# Help with film not ejecting from Polaroid Land 360



## SunnyvaleJohn (Jun 5, 2007)

Thanks for assistance in advance.  I have been combing websites and working with my newly acquired camera, but I am still having problems.  I can't get the film to eject correctly out of the camera.  I am sure it is a combination of cleaning the rollers (which I did and they turn smoothly) or something else.  I pull the white tab out slowly and it comes off leaving the film inside the camera.  I have to resort to opening up the back to remove it.    1) is the picture gone at that point?   2) did I just expose the rest of the film?   3)  what is the correct way to get it out of the camera (should it sandwich between the rollers?)  Any other ideas what might be wrong?! Thanks John in Sunnyvale, Ca


----------



## SunnyvaleJohn (Jun 5, 2007)

This is the one website I have been through extensively:  http://www.rwhirled.com/landlist/landhome.htm  thx John


----------



## montresor (Jun 6, 2007)

Just looked through websites and forums myself and can't find anything referring to your issue.
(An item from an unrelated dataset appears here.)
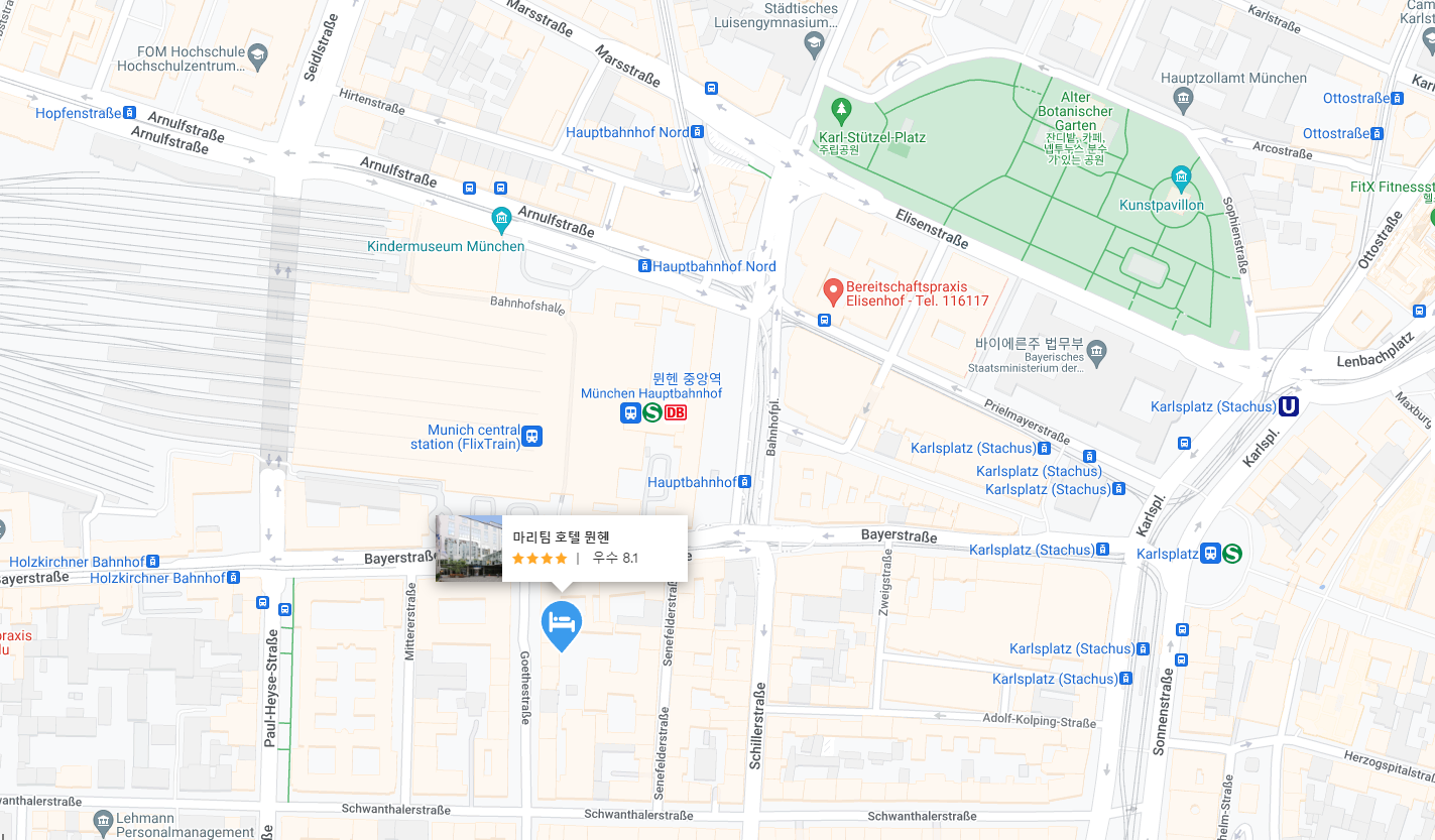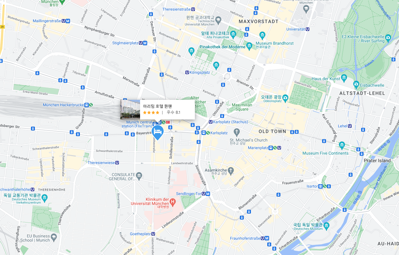 독일 뮌헨여행에 추천하는 마리팀 호텔 뮌헨 (Maritim Hotel Munich)은 중앙 기차역에서 도보로 7분 거리에 있는 매우 멋진 호텔입니다. 기차역 근처에 있어 도보 이동이 많습니다. 나는 밤에 걸어 다니는 것이 안전하다고 느낄 수 있는 분위기로 주변의 많은 멋진 레스토랑과 뮌헨에 있는 대부분의 명소까지 도보 거리 내에 있습니다. 올드타운까지 도보로 약 7분 거리입니다. (특히 뮌헨과 같은 아름다운 도시에서 걷는 것은 괜찮습니다)
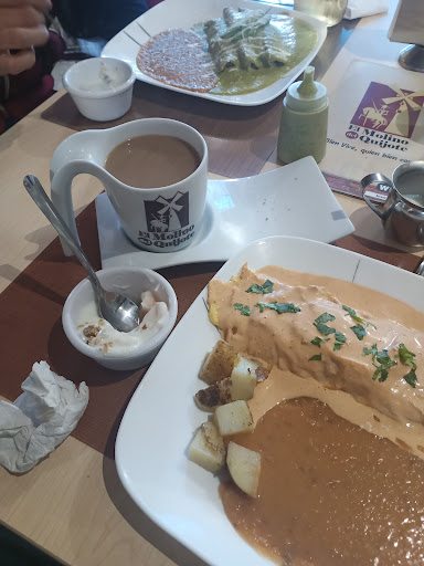 Hago casi 20 min de camino para llegar y la verdad siempre vale la pena , el lugar es lindo , los murales y detalles en herrería que hay en el lugar son interesantes y dan una buena atmósfera , las sillas si podrían ser más cómodas , la comida es rica , económica y suficiente , tu platillo incluye un te ,En cuanto a bebidas no soy fan, eh pedido en algunas ocasiones de fresa y piña y no encuentro diferencia con bebidas de sobre, así que con solo te para mí está bien , pero como dije la comida es rica y por eso siempre vuelvo . La atención es rápida , pero preferiría un menú físico para pensar en que pedir y no tener la presión del mesero por tomar ya la orden. En resumen comer en el molino del Quijote es una grata experiencia a un...

Most of what I saw says that the 360 is a camera worth obtaining, but consider that the camera is 35-40 years old, and most likely was well-used or even abused by a non-professional consumer. How well I remember my dad wrangling an old folding Polaroid into submission and, ultimately, camera death. It may just be that your 360 is kaputt. It would be worth keeping for parts, though, if you were to obtain another, better-working 360. Terri on this site knows lots about Polaroids and other vintage cameras and may be able to point you in the right direction.


----------



## terri (Jun 6, 2007)

Hi John: I've not played with a 360 so I'm afraid I can't be of much use. You already did what I would first have suggested: clean those rollers, and the site you linked to up there is an excellent reference. You've been on the right track.

For these Polaroid folders the batteries are in the film packs, not the cameras, so having to remove your prints from the pack suggests a problem with the camera itself. I had a similar issue with an SX-70 Land camera and was finally able to get it to eject the prints properly after many repeated tries (and several tossed prints). Quite suddenly, it became functional and the prints ejected cleanly, with evenly dispersed dyes that developed into fine prints.

Is the camera clean? No suspicious dents (suggesting it was dropped or banged around)? Everything else - shutter, etc - operating smoothly? You've cleaned the rollers well, no gunk? You are holding the camera correctly, no stray finger accidentally preventing the print from ejecting? (sorry, but it has been known to happen!) 

All I can suggest is to try another film pack and keep flexing its tired old muscles. It may seem like a fool's errand, but if it continues after 2 full packs of film, it may indeed just be toast. Sorry I can't offer more help; perhaps someone else can weigh in.


----------